Bapak : “Yang tadi.”
Ibu : “Teman Lena?”
Bapak : “Iya teman Lena yang tadi, siapa namanya?’
Ibu : “Berarti tahun ini kita pulang ke rumah orang tuamu lagi?”
Bapak : “Jelas! Siapa nama teman Lena tadi?’
Ibu : “Sudahlah aku pulang ke rumah orang tuaku saja. Kasian ibu sudah
semakin tua, dia ingin melihat kita sekeluarga kan?”
Bapak : “Tidak bisa! Kesepakatan telah tercipta, tidak bisa diubah. Jika
terus dirubah, bagaimana menjalankan kesepakatan itu dan untuk
apa membuat kesepakatan jika tidak ada kepastian untuk
dilakukan. Siapa nama teman Lena tadi?”
Ibu : “Engga tahu.”
Bapak : “Loh.”
Ibu : “Kok loh?’
Bapak : “Ya, loh, bagaimana mungkin kamu tidak menanyakannnya?”
Ibu : “Kenapa bukan kamu?”
Bapak : “Aku kan sedang menonton tv dan aku tidak berhadapan langsung
dengannya.”

TERDENGAR KETUKAN PINTU.


Bapak : “Ada yang ketuk pintu, bukakan lah!”
Ibu : “Bagaimana jika Lena?”
Bapak : “Ya, tetap dibukakan pintunya kan?”
Ibu : “Bukan itu. Jika bukan Lena, maka perjanjian tadi batal.”
Bapak : “Bukakan lah pintu itu, kasihan tamunya.”
Ibu : “Buat satu kesepakatan baru dulu.”

TERDENGAR KETUKAN PINTU


Ibu : (Teriak ke arah pintu) “Sebentar ya, lagi menunggu kesepakatan
nih, sabar ya.”
Bapak : “Ya sudah, buka disana.”
Ibu : “Kesepakatan?”
Bapak : “Yah!

PINTU TERBUKA. BU LENA PUAS. PERBINCANGAN DIDEPAN PINTU


RUMAH.
Tamu II : “Kesepakatan apa Tante?”
Ibu : “Ah, tidak. Kamu siapa dan ada apa?”
Tamu II : “Saya temannya Lena, Tante. Kebetulan saya sedang main di
daerah sini.”
Ibu : “Terus?”
Tamu II : “Ya, terus saya mampir Tante. Karena kebetulan saya sedang main
di daerah sini. Jadi saya mampir ke sini, Tante.”
Ibu : “Terus?”
Tamu II : “Ya, karena itu Tante, hm, Lenanya ada?”
Ibu : “Jadi karena kebetulan main di daerah sini, kamu mampir dan
mencari Lena?”
Tamu II : “Benar itu Tante.”
Ibu : “Karena kebetulan?”
Tamu II : “Sebenarnya bukan Tante.”
Ibu : “Yang benar yang mana.”
Tamu II : “Saya memang mencari Lena, Tante.”
Ibu : “Karena main di daerah sini?”
Tamu II : “Tidak Tante, saya memang sengaja datang kemari untuk mencari
Lena, Tante.”
Bapak : (Memotong) “Suruh duduk dulu, hanya tukang pos yang diterima
di depan pintu.”
Ibu : “Yasudah kamu silahkan masuk dulu.”

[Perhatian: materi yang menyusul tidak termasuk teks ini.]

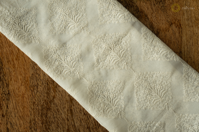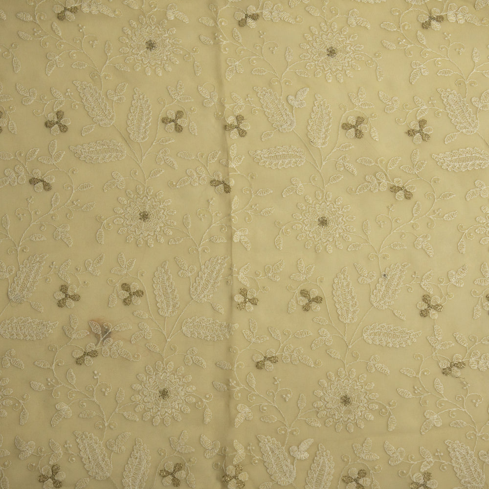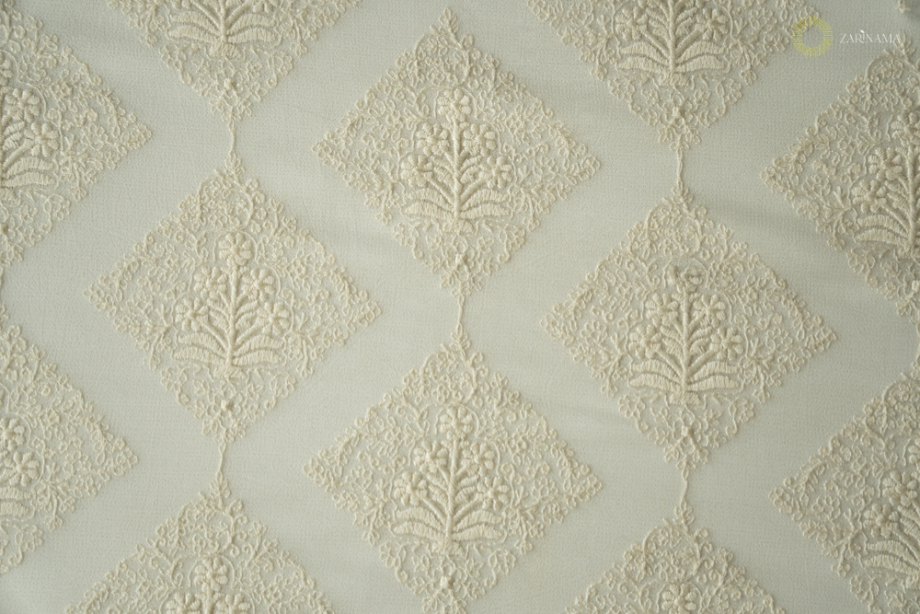 Kayra Floral Jaal on Cream Semi Georgette Embroidered Fabric
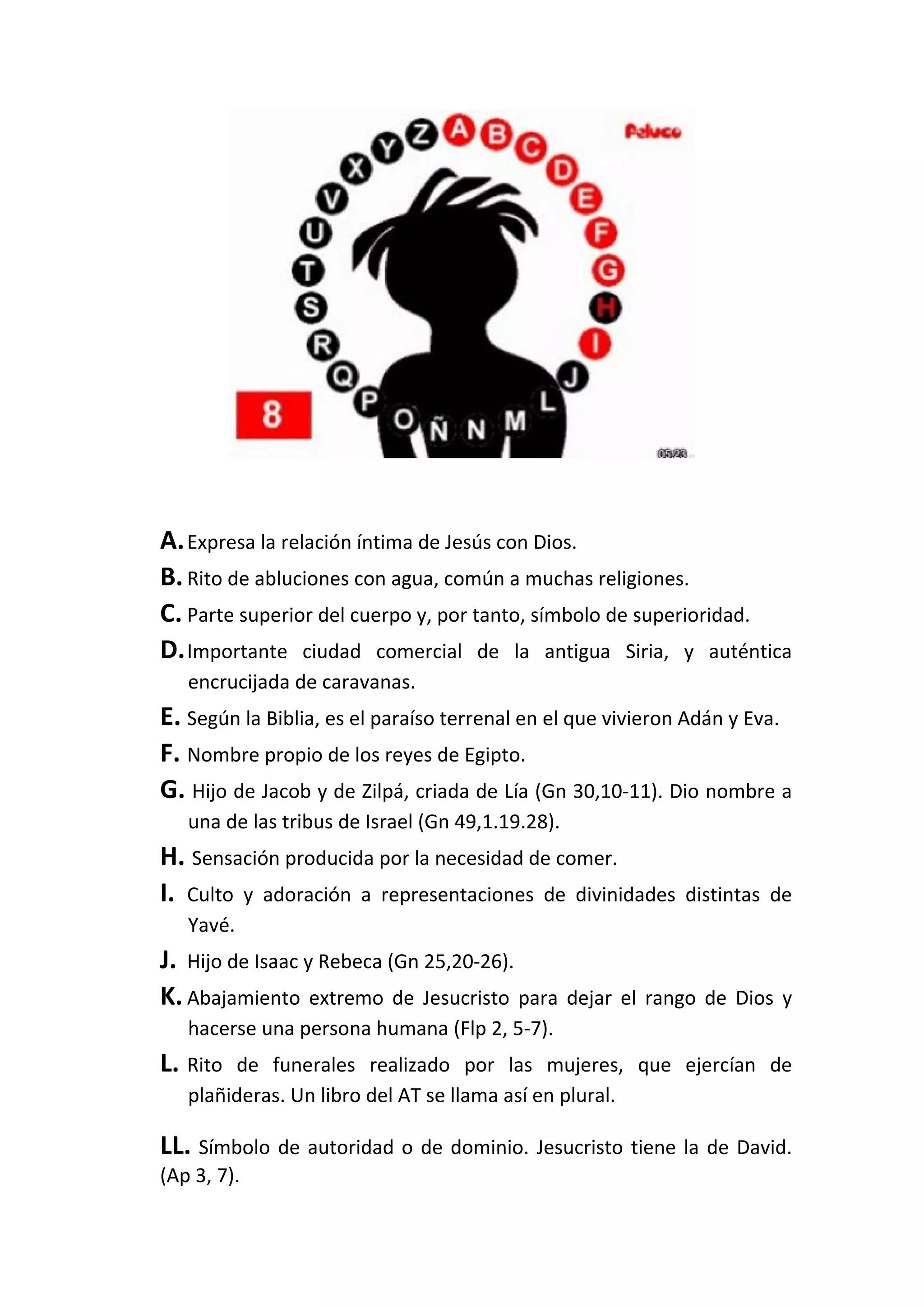 El documento presenta una lista de 26 términos relacionados con la Biblia y la religión cristiana, identificados por letras del alfabeto. Los términos incluyen nombres propios como Jesús, Jacob y Pablo, conceptos como bautismo, Edén e idolatría, y libros como Éxodo y Lamentaciones.
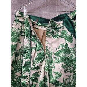 The Lake Lady Graphic Print Belted Circle Skirt in size small is a stylish and versatile piece perfect for various occasions such as weddings, parties, formal events, workwear, holiday parties, Christmas, Kentucky Derbies, and business meetings. The skirt features pockets and a back zipper and a geometric pattern in green and cream colors with a high-rise, A-line style. Made from polyester and spandex with a satin fabric type, it includes pleated and layered accents, a zipper closure, and pockets for added functionality. Ideal for all seasons and suitable for a variety of themes, this skirt is both lightweight and lined for comfort. Perfect for the fashion-forward woman looking for a chic and trendy piece to add to her wardrobe. Waist 15 in. length 30 in.

TAMU II MASUK DAN DUDUK DI RUANG TELEVISI. BU LENA MASUK


DAPUR
Tamu II : “Om boleh duduk?”
Bapak : “Ohiya silahkan.”
Tamu II : “Lagi nonton berita ya, Om?
Bapak : “Tidak, saya cuma sedang melihat tanggapan wakil rakyat tentang
bencana yang tidak berkesudahan ini.”
Tamu II : “Itukan berita namanya, Om.”
Bapak : “Itu bukan berita, itu opini. Opini itu pendapat, kebenarannya
masih belum bisa diandalkan. Namanya berita harus
mengutamakan kebenaran, kenyataan.”
Tamu II : “Tapi itu kan acara berita, Om.”
Bapak : “Memang, beritanya, wakil rakyat sedang memberikan opini.”
Tamu II : “Artinya sedang nonton berita, Om.”
Bapak : “Tidak, saya sedang melihat opini. Ingat, opini!”
Tamu II : “Bedanya apa, Om?”
Bapak : “Opini itu tidak murni kenyataan, namanya juga pendapat, sedang
berita itu nyata, kenyataan tadi. Begini, kucing di tabrak mobil, itu
berita.”
Tamu II : “Kalau opini om?”
Bapak : “Mengapa kucing itu mau ditabrak?”
Tamu II : “Mungkin saja ia tidak melihat mobil yang laju, tiba-tiba saja ia
sudah bersimbah darah.”
Bapak : “Itu dia oponi.”
Tamu II : “Opini?”
Bapak : “Iya, itu opini kamu. Liat omongan wakil rakyat itu, semuanya
serba mungkin kan?”
Tamu II : “Jadi yang serba mungkin itu bukan berita?”
Bapak : “Mungkin kok berita? Mungkin itu kan belum jelas, sedang berita
itu kan sudah jelas dan pasti.”
Tamu II : “Tapia apa yang pasti dizaman sekarang Om?”
Bapak : “Ya, opini.”

BU LENA KELUAR DAPUR MEMBAWA THE DALAM GELAS


MENUNJU KULKAS. MEMBUKANYA.
Tamu II : “Tidak usah yang dingin Tante, saya sedang batuk.”
Ibu : “Mau pudding?”
Tamu II : “Boleh, Tante.”
Ibu : “Tapi dingin ?”
Tamu II : “Tidak apa-apa Tante, kan cuma pudding?”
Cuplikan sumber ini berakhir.